As the New York Times reported this week, airport security lines seem to keep getting worse.  Earlier this week, I traveled to San Francisco to visit some Cloud Foundry colleagues, and nearly missed my flight because of a failure mode I had never experienced before when going through the TSA checkpoint.  This checkpoint had two redundant sets of equipment with two different queues behind each. When I was almost at the front of the queue, the conveyor belt for my line stopped working. What happened next was pretty frustrating - even though the other conveyor belt was working and that line continued along fine, our line was completely halted. For 10 minutes! Surprisingly, the TSA staff weren’t trained on how to deal with this, and had no strategy for how to get our line unstuck.
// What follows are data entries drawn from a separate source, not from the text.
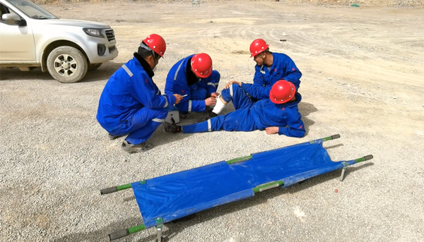 本次演練由泗水分公司經(jīng)理劉進德為總指揮,指揮領(lǐng)導(dǎo)應(yīng)急小組開展此次爆破演練。演練主要模擬爆破作業(yè)過程中因炮孔充填深度不夠,導(dǎo)致爆破飛石砸傷人員的場景。演練開始后,應(yīng)急小組立即啟動專項應(yīng)急預(yù)案,迅速組織警戒治安組、醫(yī)療救護組等各小組按照分工與職責(zé),趕赴現(xiàn)場展開救援,緊急處理傷員傷勢并送醫(yī)救治,圓滿完成各項演練任務(wù)。
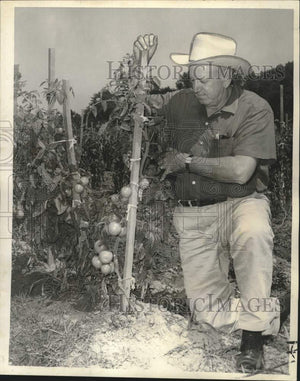 1967 Press Photo Plaquemines Parish agent Murphy M'Eachern checks tomatoes
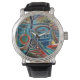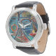 Uhr, Vintage Männeruhr mit schwarzem Lederarmband
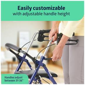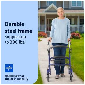 Para caminhar auxiliado quando a mobilidade é desafiada e após a cirurgia, o Medline Steel Rollator fornece equilíbrio e suporte extra e um assento e encosto acolchoados quando você precisa descansar. Forte e durável com montagem simples sem ferramentas, assento acolchoado confortável com suporte para as costas acolchoado removível, cesta conveniente para seus pertences e freios avançados de fácil travamento para segurança. As rodas de 8 que não estragam são ideais para uso interno e externo, mesmo em superfícies ásperas e irregulares. Montagem sem ferramentas e ajuste de altura personalizado da alça, dobras planas para transporte ou zenamento Marca: Não Informado
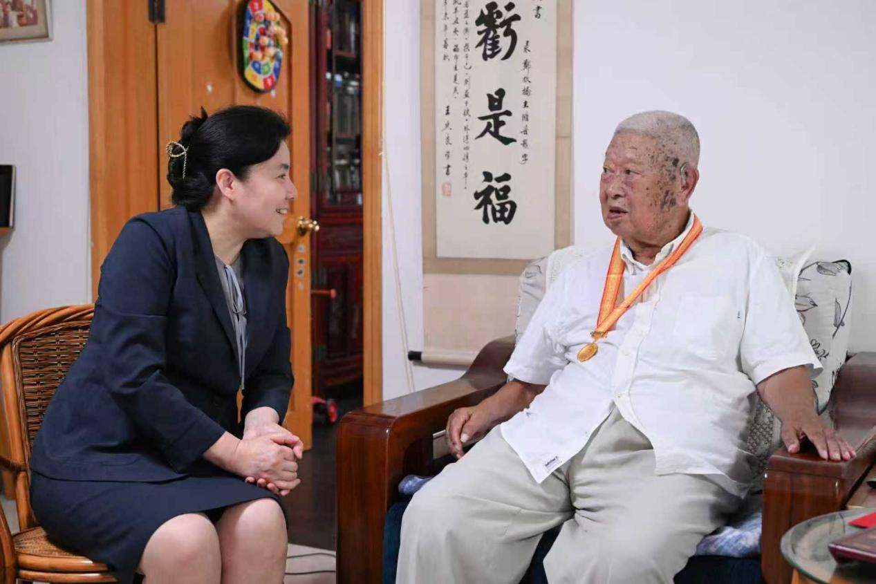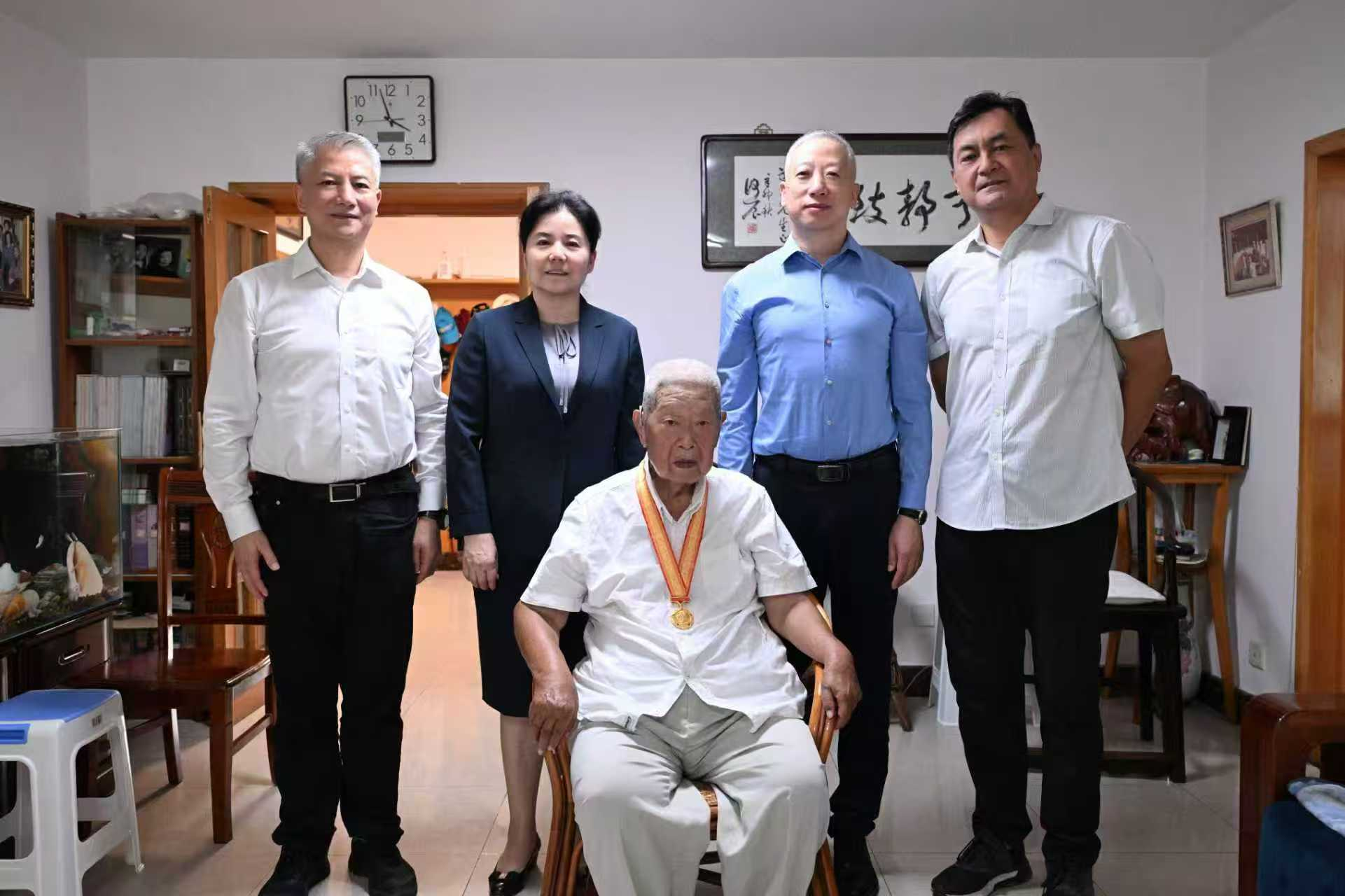 近日,集团党委书记、董事长丁向群代表集团党委看望慰问抗战老战士、中国人民保险公司原党组书记、董事长兼总经理、离休干部秦道夫同志,向他致以崇高敬意和诚挚问候,并为他郑重佩带由中共中央、国务院、中央军委颁发的“中国人民抗日战争胜利80周年”纪念章。丁向群关切询问秦老的身体状况、生活起居和相关需求,并简要介绍集团上半年改革发展情况。集团党委委员、副总裁张金海参加走访慰问。

It struck me as a great metaphor for the difference between traditional and cloud-native architectures. What my fellow travelers and I experienced was the ‘traditional’ design – a component breaks down, and the whole system grinds to a halt. Instead, with a ‘cloud native’ TSA line, the breakdown of one conveyor belt is no big deal. Upon realizing that the belt was broken, the TSA agents would immediately route new work (people in line) to the working belt. They would also find ways to reschedule existing work (people who are already stuck behind the broken conveyor belt) to the equipment that was operating. And once they debugged and fixed the broken belt, they would reopen that line.

This is exactly how a cloud-native work scheduling system like Cloud Foundry works. Your micro-services need to be designed for restartability and migration, and if you do that, your app will be built to withstand underlying hardware failures, because the platform knows how to work around these failures.

Fortunately for us, my fellow line-mates and I helped the TSA agents come up with a good merging strategy to get the rest of our line redirected through the other belt, and I was able to make my flight.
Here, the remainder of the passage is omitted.